Una delle critiche ricorrenti alla riforma del Senato e del Titolo V, sulla quale gli italiani si esprimeranno il 4 dicembre, è che i futuri senatori non saranno eletti dai cittadini. Il capogruppo del Pd in Senato Luigi Zanda, che nella trincea di Palazzo Madama ha difeso e portato avanti la riforma riuscendo nella non facile impresa di tenere unito il suo partito fino alla fine, respinge con forza questa argomentazione: «I futuri senatori saranno eletti dai cittadini grazie al punto d’incontro trovato in Senato in seconda lettura dice -. Nella nuova costituzione è chiaramente scritto che i consiglieri che andranno a ricoprire anche la carica di senatori saranno eletti dai Consigli regionali “in conformità alle scelte espresse dagli elettori per i candidati consiglieri in occasione del rinnovo dei medesimi organi”».
Presidente, i consiglieri-senatori saranno dunque scelti dagli elettori ma si tratta, almeno formalmente, di un’elezione di secondo grado.
«Io non parlerei di elezione di secondo grado. La soluzione che abbiamo trovato per andare incontro non solo alla richiesta di molti parlamentari di maggioranza e di opposizione, ma anche ad una richiesta alta che viene dal Paese, configura un’elezione diretta. Per definirla servirà una legge ordinaria. E il Pd ha deciso che il testo base che verrà sottoposto all’attenzione del Parlamento è quello Fornaro-Chiti, che prevede appunto un’elezione diretta. Possiamo immaginare una scheda con due spazi: una parte l’elettore sceglie il consigliere regionale e dall’altra il consigliere regionale che sarà anche senatore. Il punto politico è che sia la riforma sia il testo base che il Pd presenterà come partito di maggioranza relativa prevedono l’elezione diretta dei futuri senatori».
Perché proprio i consiglieri regionali, oltre a 21 sindaci, andranno a formare la maggior parte del Senato delle Autonomie? Qualcuno dice che si tratta della classe politica meno autorevole del Paese…

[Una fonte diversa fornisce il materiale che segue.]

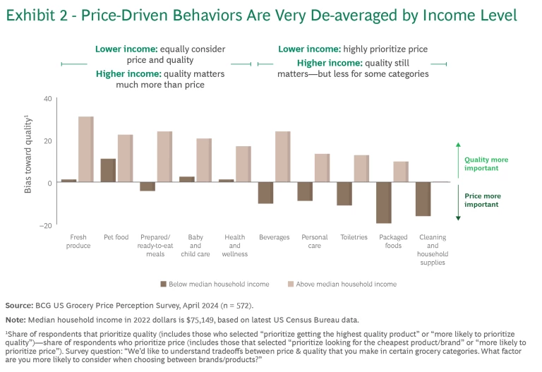 While grocery spending remains stable, not all categories are equally insulated. Price is a key driver of retailer choice for toiletries, packaged foods, and household and cleaning supplies, with a notable percentage—between 27% and 31%—of consumers willing to substitute quality for savings. (See Exhibit 1.) Meanwhile consumers of fresh produce, pet food, and baby care products are more driven by quality despite rising prices of these essentials. This nuance in price vs. perceived quality decisions also hinges on the purchaser’s income group—for example, while 35% of consumers prioritize quality in beverages, lower-income purchasers still anchor on price when choosing a beverage product. (See Exhibit 1 and Exhibit 2.)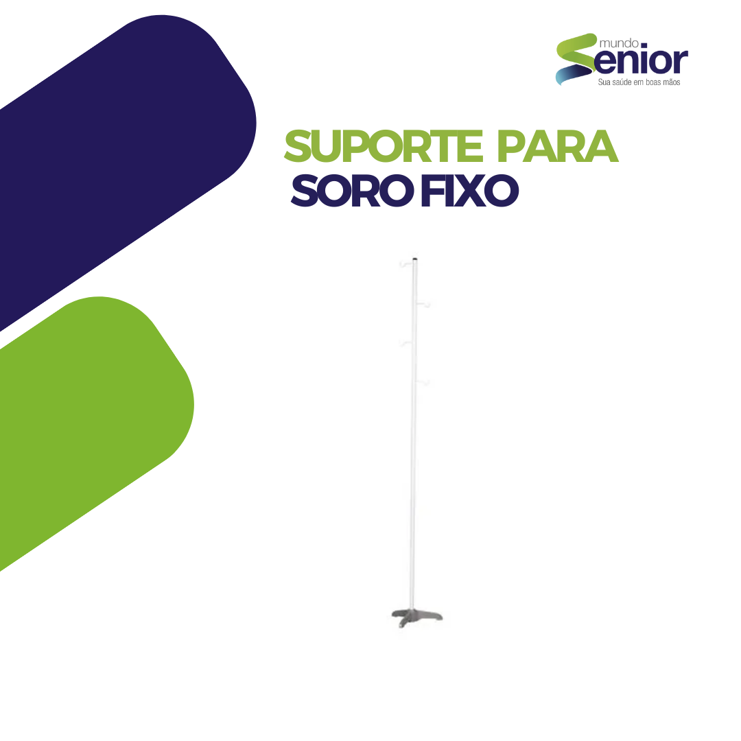 Suporte para soro altura fixa, construído em tubos pintados de 7/8” x 0,9mm, com tripé fundido. Altura 2,00m

«La nostra è una Repubblica organizzata su due autonomie: l’autonomia delle Regioni e l’autonomia dei Comuni. Quella delle Regioni è un’autonomia molto ampia che prevede anche il potere di legiferare. Le Regioni approvano leggi valide all’interno del proprio territorio. Al Senato delle Autonomie, che è anche un luogo di compensazione politica dei diversi livelli di legislazione all’interno della Repubblica, arriviamo con 45 anni di ritardo. Avremmo dovuto fare questa riforma nel197o, quando sono state istituite le Regioni. Quanto alla qualità della classe politica regionale, io dico che la gran parte dei consiglieri sono persone di valore e di specchiata moralità. Non è giusto che per gli errori e le mancanze di qualcuno di loro si giudichi tutta un’intera categoria di amministratori».
E ce la faranno, i consiglieri senatori, a fare il doppio lavoro?
«Il doppio lavoro? Lo considero una ricchezza. In Francia alcuni importanti parlamentari sono o sono stati sindaci delle loro città e questo arricchisce il loro contributo politico nel Parlamento».
Perché l’immunità ai consiglieri-senatori, visto che non è prevista per i semplici consiglieri?
«Il Senato delle Autonomie mantiene in alcuni casi, ad esempio per le modifiche costituzionali, lo stesso potere legislativo della Camera ed elegge in seduta comune il Presidente della Repubblica. L’immunità è stata prevista dai nostri padri costituenti a salvaguardia del principio della separazione dei poteri e rispetto al ’48 è notevolmente ridotta, limitandosi di fatto all’autorizzazione per l’arresto preventivo. Al Parlamento deve essere garantita l’autonomia, così come al potere giudiziaro o deve essere garantita l’indipendenza».